Billed high amounts for auto start/stop machines

I’ve been migrating a high traffic service from AWS Lambda to fly.io and have been conducting performance tests.

Each request is handled in a single container, so I spun up ~440 machines of shared-cpu-4x type, with auto_start/stop_machines=true, hard/soft_limits=1 in fly.toml.

I was under the impression that I was only billed for the period during which the VM runs, however after running a 20 minute performance test which involved ramping up a load of 10 concurrent requests to 430 concurrent requests, I ended up with a rather unexpectedly large bill of $77:

I believe I’m being billed for suspended VMs as well, or VMs aren’t actually marked as idle once they’ve been provisioned or they’ve handled a request. However, since the usage data on the dashboard isn’t granular enough, I have no way to confirm that this is indeed the case, or if there is another billing issue.

Can anyone help me understand what happened here? Thanks in advance for your time.

1 Like

Do you have the auto_stop feature setup in your fly.toml?

You have to exit the main process to let fly.io know the machine can shut down.

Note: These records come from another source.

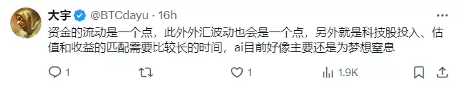 加密 KOL 大宇观点:资金的流动是一个点,此外外汇波动也会是一个点,另外就是科技股投入、估值和收益的匹配需要比较长的时间,ai 目前好像主要还是为梦想窒息。
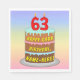 This upbeat and cheerful birthday-themed paper napkin design features a cartoon-style depiction of a three-tier birthday cake having numeral-shaped candles on top showing the number “63“, along with the message “HAPPY 63RD BIRTHDAY,”, and a customizable recipient name. The background features a multi-color pastel rainbow spectrum inspired gradient pattern. Paper napkins like these might be used at a birthday party held in celebration of somebody’s sixty third birthday. [~Z0000623]
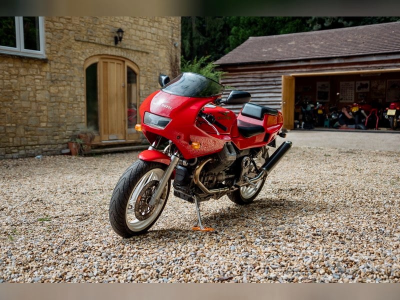 This 1993 example showcases the distinctive longitudinal V-twin engine configuration that Moto Guzzi is renowned for, wrapped in sporting bodywork that defined the era.
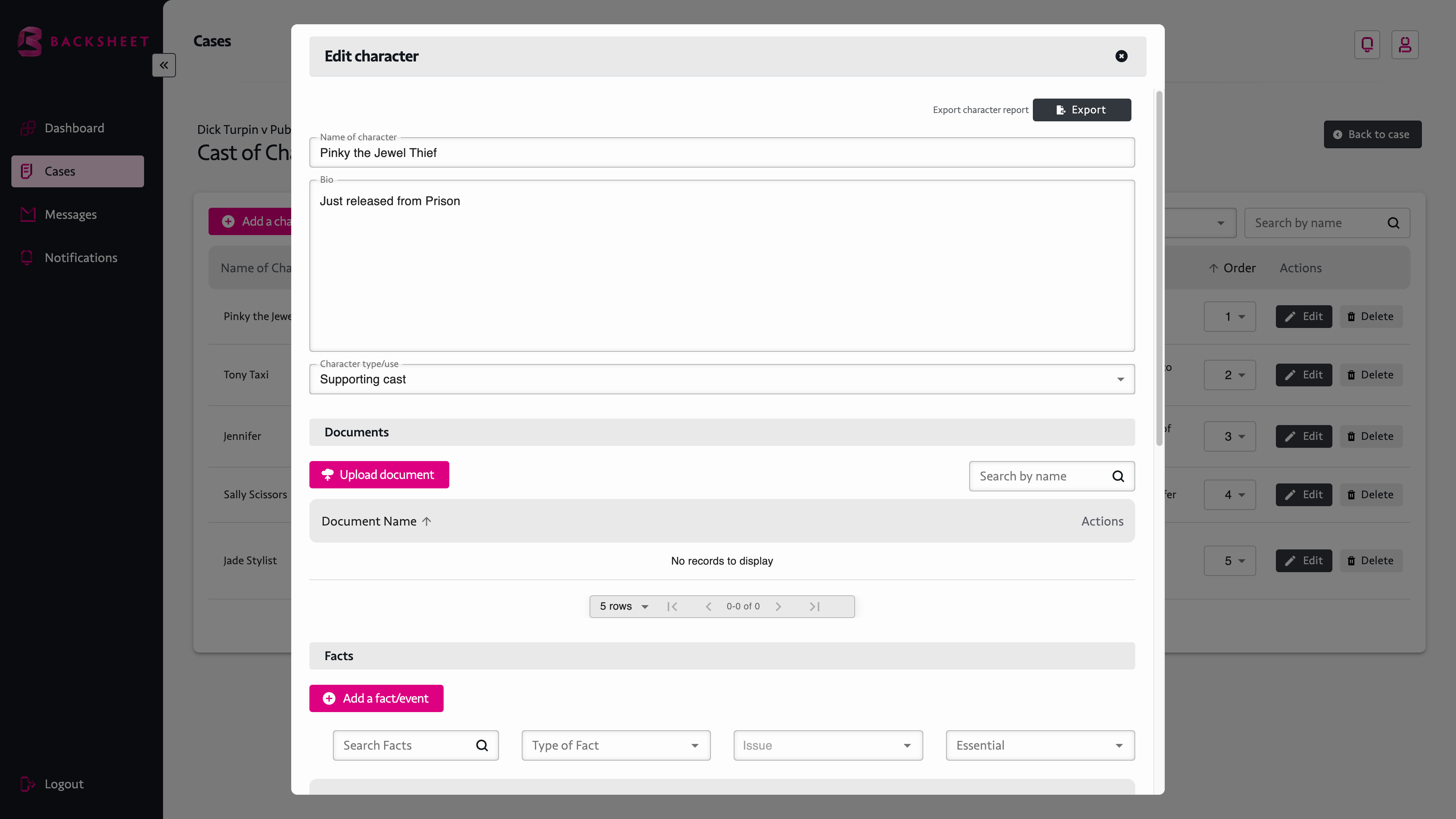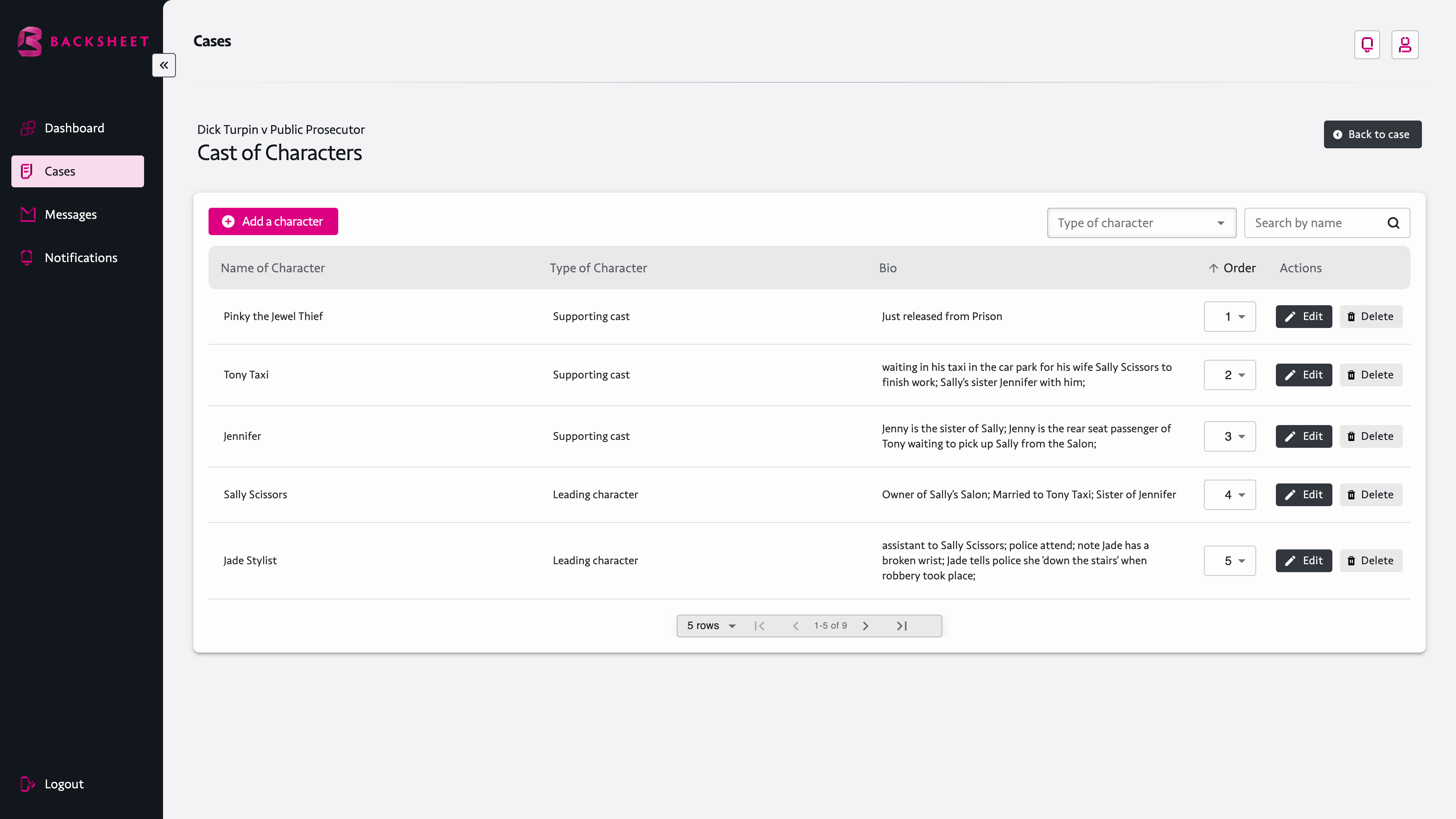 You will come to a new page which has the name of the case at the top, the description, ‘Cast of Characters’ and a bright pink button “+Add a Character” – you will see that once added it will show the name of the character, the type of the character a Bio and the witness can be ordered by number.
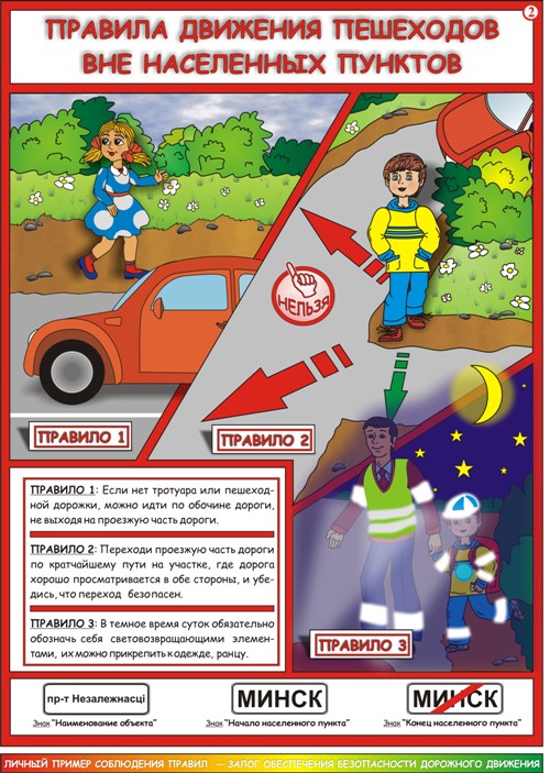 • При движении по краю проезжей части или по обочине в темное время суток, необходимо иметь на одежде светоотражающие полоски или фонарь в руке, чтобы водители могли видеть человека.Правило 3: Переход дороги

Do you have health checks setup? You may want to try turning them off for your purpose, though I don’t think they keep the machine alive.

These are VMs, not containers, and not lambdas. So there is overhead of spinning them up as well, depending on how fast they are ready that can eat into your time. Smaller and lighter Dockerfile image may help here.

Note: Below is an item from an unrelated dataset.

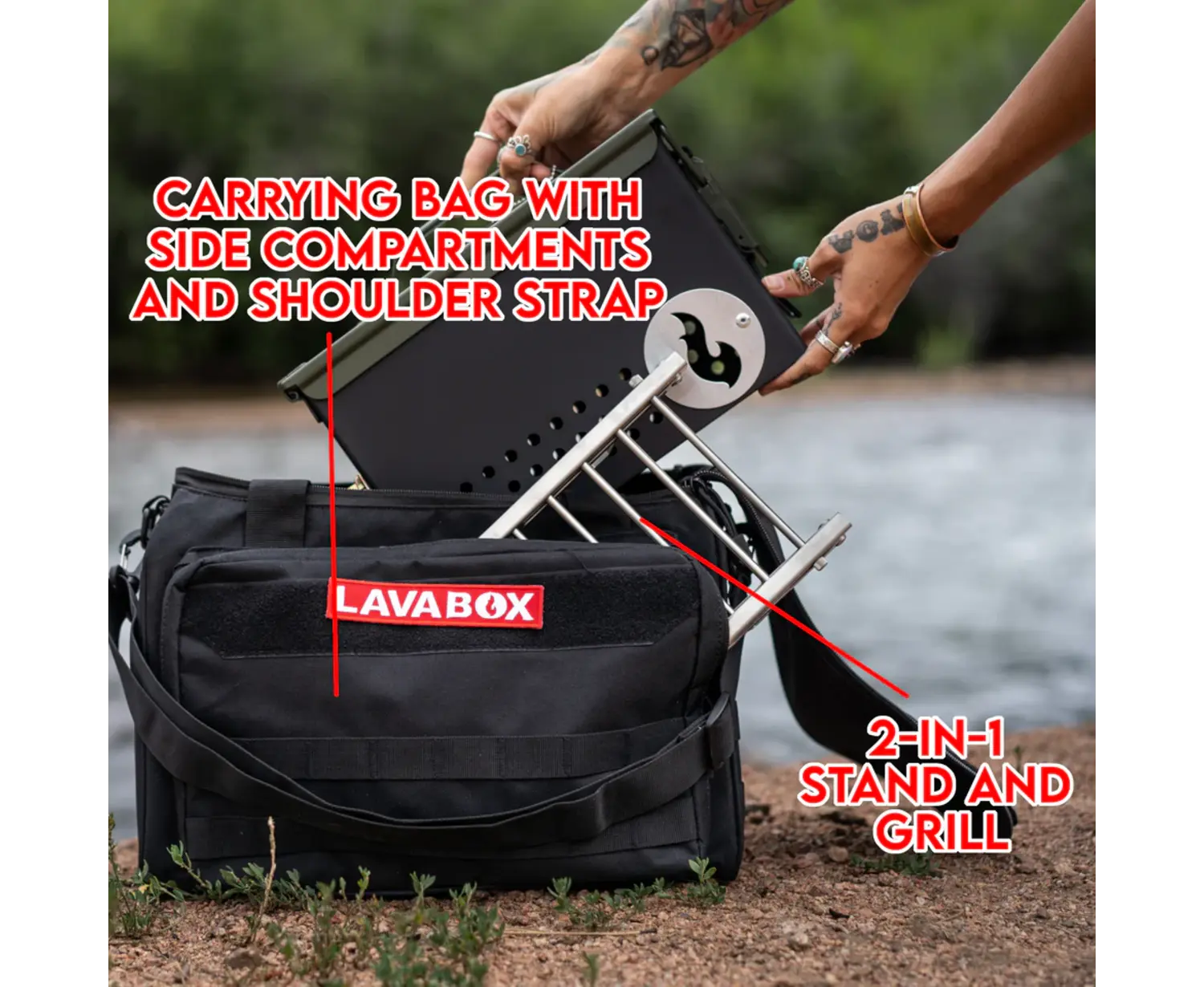 When it’s time to go, it’s time to go! Make a hasty yet stylish retreat with this range bag that carries all your goodies including your LavaBox. Throw in your regulator, long lighter, Over/Under Grill Thingy, a P320, a copy of Mad magazine, a flask of Eagle Rare, and your Pop’s home-made jerky. Man, you are ready.
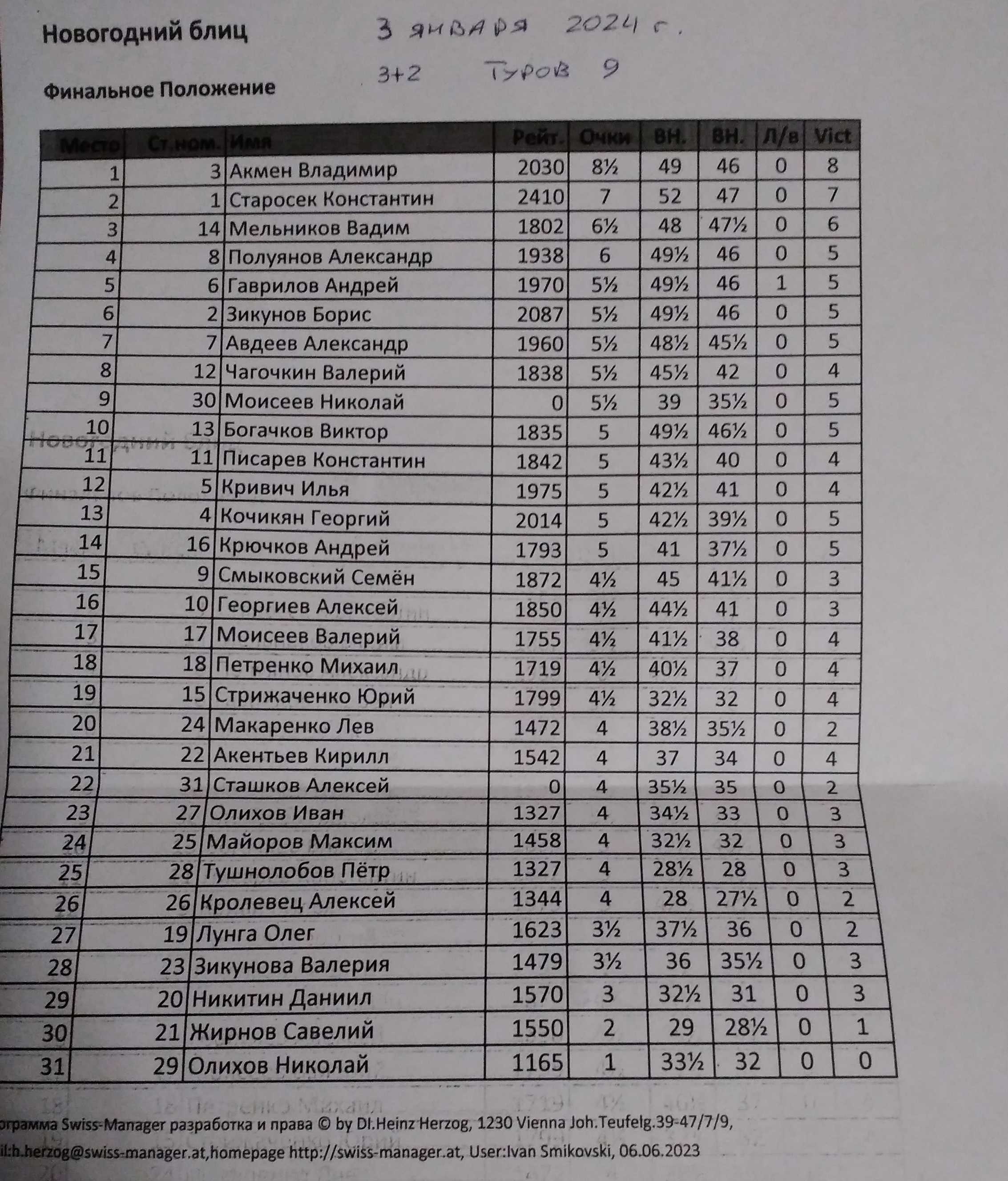 После собрания прошел новогодний блиц-турнир. Контроль 3+2. Количество участников 31. Туров 9. Награждались пять первых мест, а также участники по номинациям.

You may want to contact billing for more information.

Hi @Biswas

To clarify, you still pay for the server when it’s idle. You stop paying when the server stops.

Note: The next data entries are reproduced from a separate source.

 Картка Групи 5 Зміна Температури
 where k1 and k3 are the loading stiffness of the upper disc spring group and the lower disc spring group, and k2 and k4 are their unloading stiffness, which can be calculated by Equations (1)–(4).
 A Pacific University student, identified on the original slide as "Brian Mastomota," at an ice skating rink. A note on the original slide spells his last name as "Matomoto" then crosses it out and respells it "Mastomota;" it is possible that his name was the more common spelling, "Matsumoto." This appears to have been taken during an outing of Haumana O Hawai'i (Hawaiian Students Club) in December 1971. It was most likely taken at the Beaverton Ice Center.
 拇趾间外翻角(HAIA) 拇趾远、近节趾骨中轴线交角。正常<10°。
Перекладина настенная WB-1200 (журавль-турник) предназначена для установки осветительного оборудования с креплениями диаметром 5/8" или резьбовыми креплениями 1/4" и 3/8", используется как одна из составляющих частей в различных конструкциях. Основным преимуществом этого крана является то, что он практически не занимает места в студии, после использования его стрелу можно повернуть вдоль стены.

When using the auto stop feature, it doesn’t stop all the servers at once. It stops them slowly over time.

fly provides a Grafana dashboard that you can use at https://fly-metrics.net/

You can check to see the history of how many servers were running at any point using this link
https://fly-metrics.net/explore?left={"datasource":"prometheus_on_fly","queries":[{"refId":"A","datasource":{"type":"prometheus","uid":"prometheus_on_fly"},"editorMode":"builder","expr":"sum(fly_instance_up)","legendFormat":"__auto","range":true,"instant":true}],"range":{"from":"now-1h","to":"now"}}

If you’ve got multiple apps, you’ll need to select app in the label filters and enter the desired app name as the value.

The reply from @charsleysa suggests that machines are shut down eventually.

Are they shut down eventually if the app process keeps running, but shut down immediately if the app process exits?

Somewhat related to this, I faced a few HTTP 502 errors when running performance tests. Is this usually because fly was unable to provision a machine (after all, allocated machines are not provisioned immediately), or is it because the app didn’t start up in time?

If it’s the latter I’m wondering whether health checks may be helpful here.

This topic was automatically closed 7 days after the last reply. New replies are no longer allowed.